BACKGROUND: In cases of locally aggressive thyroid cancer, neoadjuvant treatment can allow regression of the tumor away from critical structures and may enable less morbid resection with optimized surgical margins. Recovery of RLN function after neoadjuvant treatment challenges the long-held assumption that carcinomatous neural invasion is irreversible.

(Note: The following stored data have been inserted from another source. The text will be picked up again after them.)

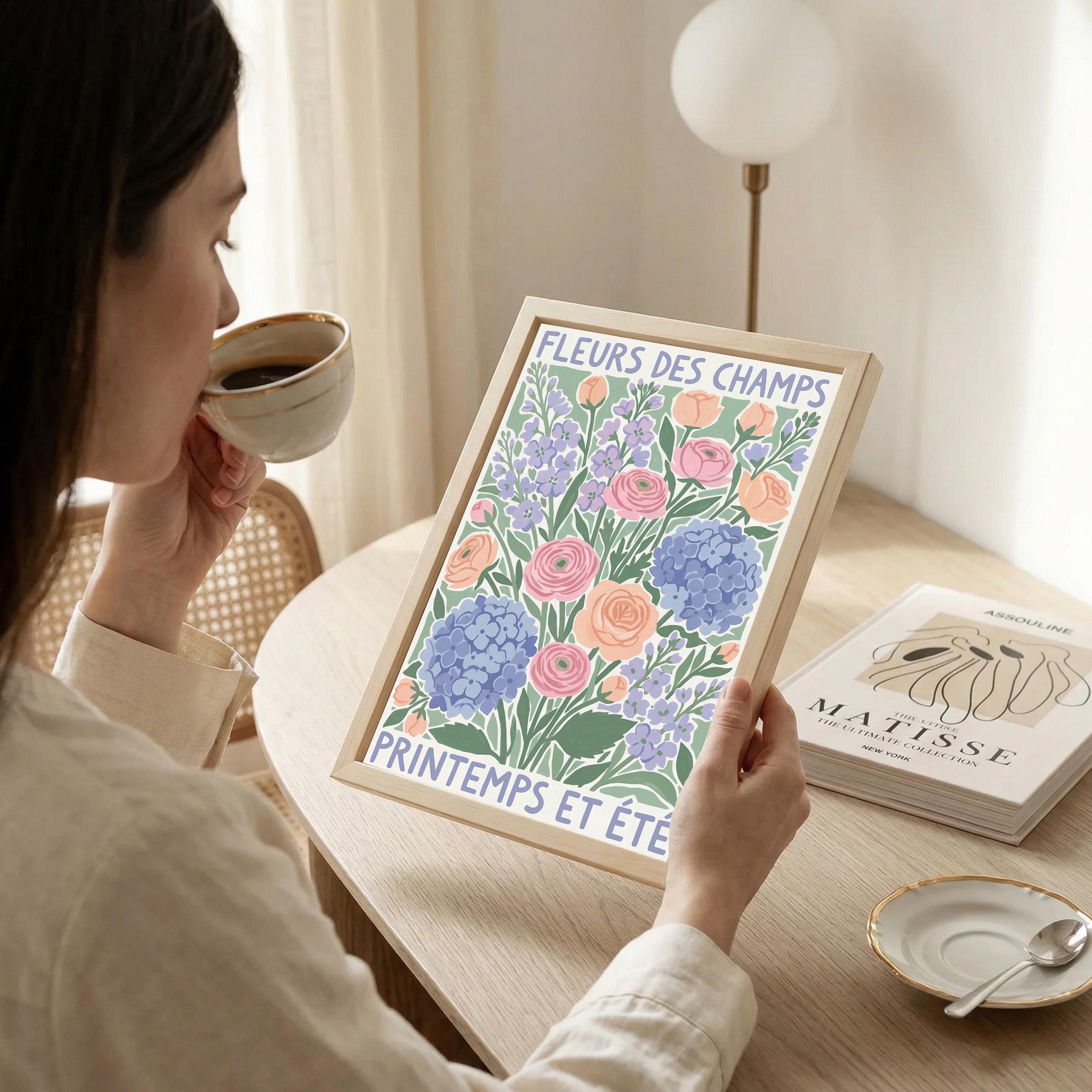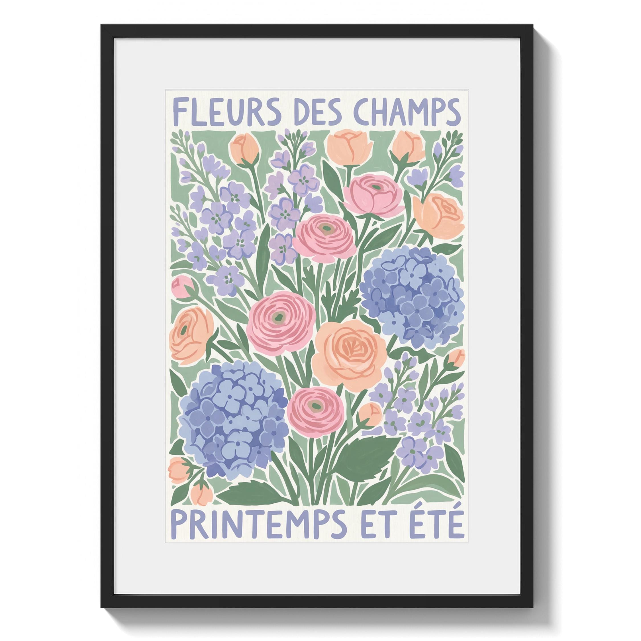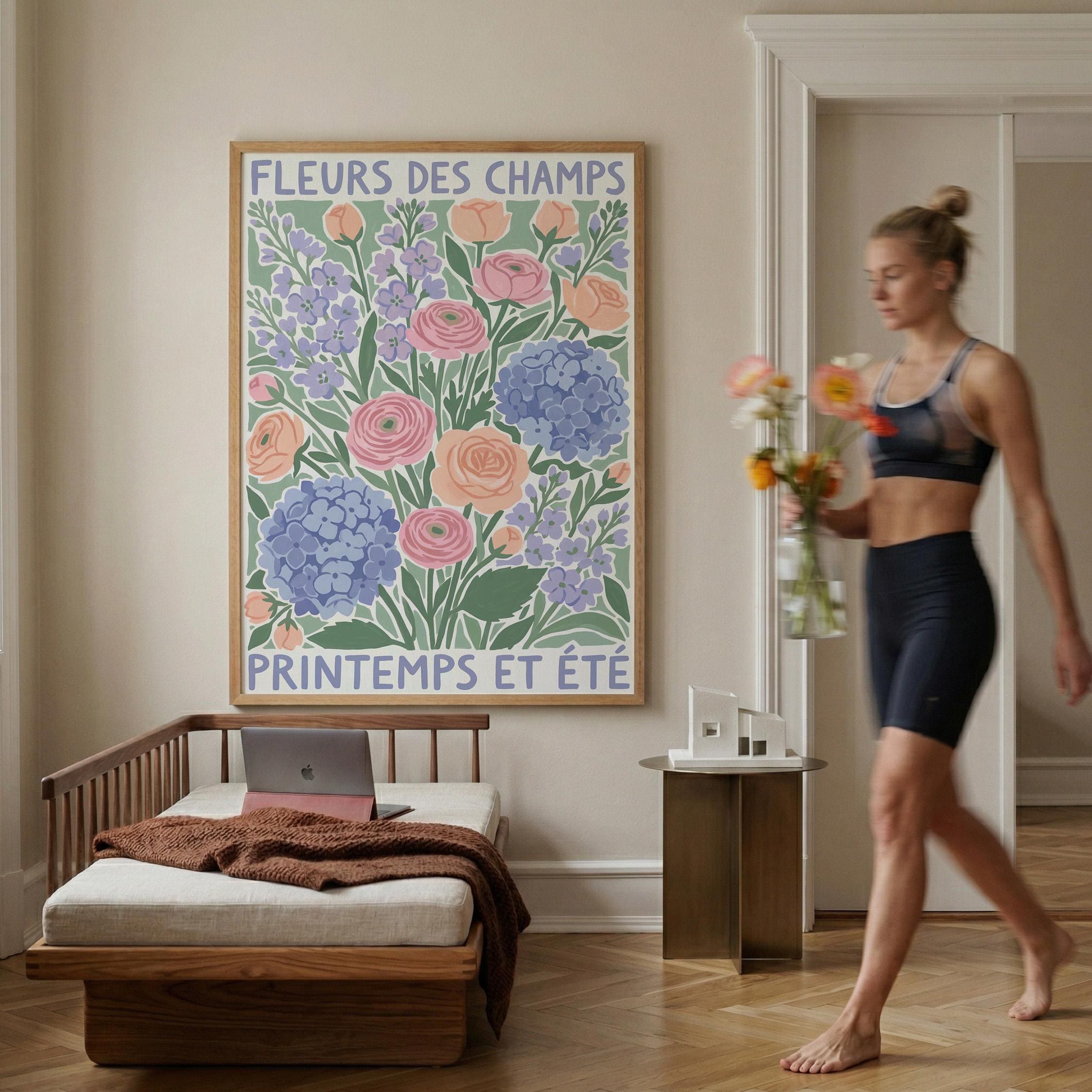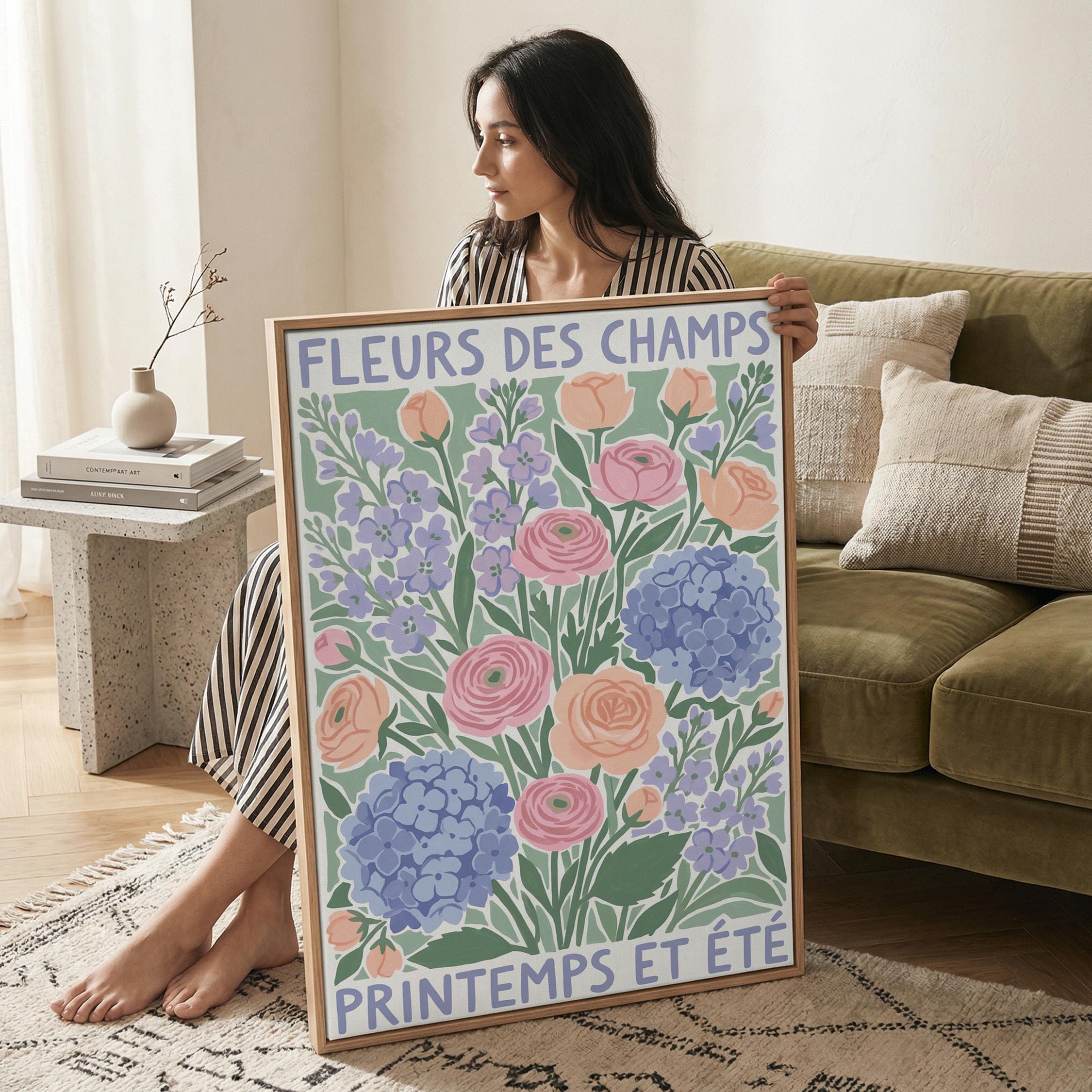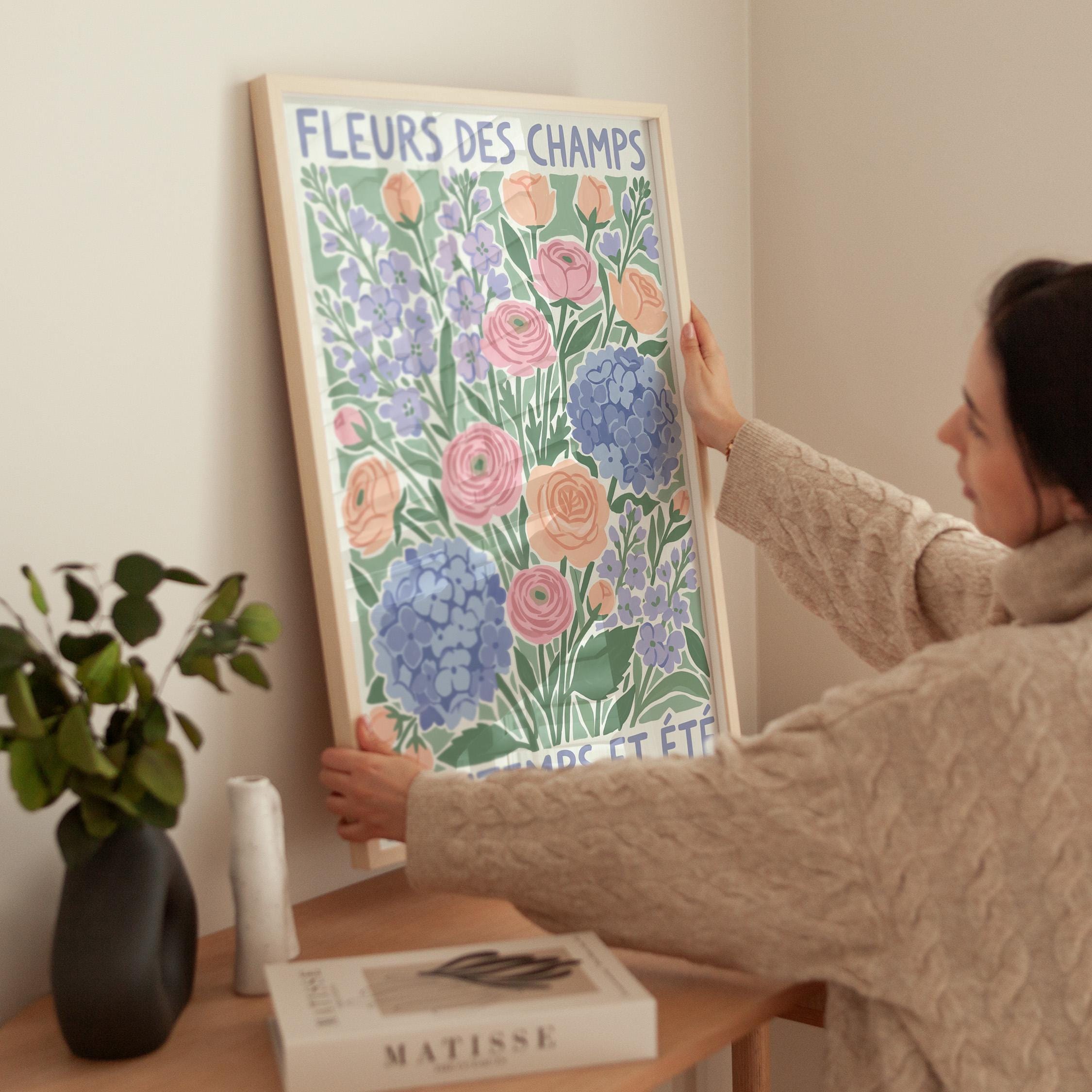 This French wildflower garden wall art print features soft ranunculus, hydrangeas, and lavender in pastel peach, pink, and periwinkle tones with charming vintage typography. Perfect for cottage, farmhouse, or French country style lovers who want to bring springtime beauty into their bedroom, kitchen, nursery, or living room. Creates a serene, romantic, and nature-inspired atmosphere with its delicate botanical illustration and soothing color palette.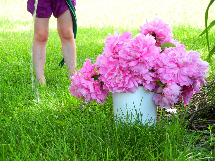 I love peonies and their explosion of petals and entrancing fragrance. So, so much. I slog buckets filled to almost overflowing into the house to set on anything that will hold still. They’re here for such a short time. I am blessed.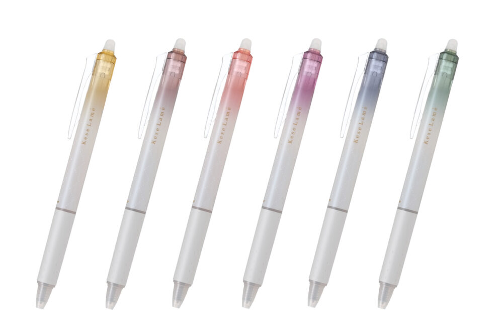 『KeseLamé』は、摩擦熱で筆跡を消去する「フリクション」シリーズで培った「消す技術」と、メタリックなどの特殊顔料インキの技術を組み合わせた消せるラメボールペン。ペン後部の消去用ラバーで擦ることでインキのベース色は摩擦熱によって無色になり、紙面に残るラメは擦り取られ、筆跡を消去することができる。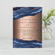 Eine moderne und trendige Hochzeitseinladung. Blau und Rose goldfarben, Marmorboden. Personalisieren und fügen Sie Ihre Namen und die Details.

STUDY DESIGN: Retrospective review.
SETTING: Division of Thyroid and Parathyroid Endocrine Surgery, Department of Otolaryngology–Head and Neck Surgery, Massachusetts Eye and Ear Infirmary, Harvard Medical School, Boston.
SYNOPSIS: Researchers identified six adult subjects (50% female; mean age 69 years) from multiple institutions who 1) were diagnosed with advanced thyroid carcinoma of any histology, underwent pretreatment flexible fiberoptic examination (FOE) of the larynx with documentation of vocal fold paresis or paralysis; 2) received targeted therapy and underwent FOE during/after treatment with confirmed return of vocal fold (VF) mobility; and 3) underwent surgery with use of intra-operative nerve monitoring (IONM). Descriptive analysis examined the following parameters for recovered nerves: nerve morphology, characterized as Type A (involving epineurium only) versus Type B (extending beyond epineurium); proximal stimulability (normal, abnormal, or absent); and surgical management (resection versus preservation). At baseline, all six subjects had unilateral vocal fold paralysis (VFP). The median duration of treatment until the return of VF function was three months. All nerves were noted to have Type A morphology. Proximal stimulability was normal in four subjects, abnormal in one, and absent in one. Recovered RLNs were surgically preserved in five subjects. Authors note that these results reinforce the importance of laryngoscopy in initial evaluation and in subsequent assessment during neoadjuvant treatment to guide surgical decision-making. Study limitations include its retrospective nature and small sample size.
CITATION: Russell MD, Abdelhamid Ahmed AH, Feng Z, et al. Recovery of recurrent laryngeal nerve function with neoadjuvant treatment: neural characterization [published online ahead of print January 24, 2024]. Laryngoscope: doi.org/10.1002/lary.31304.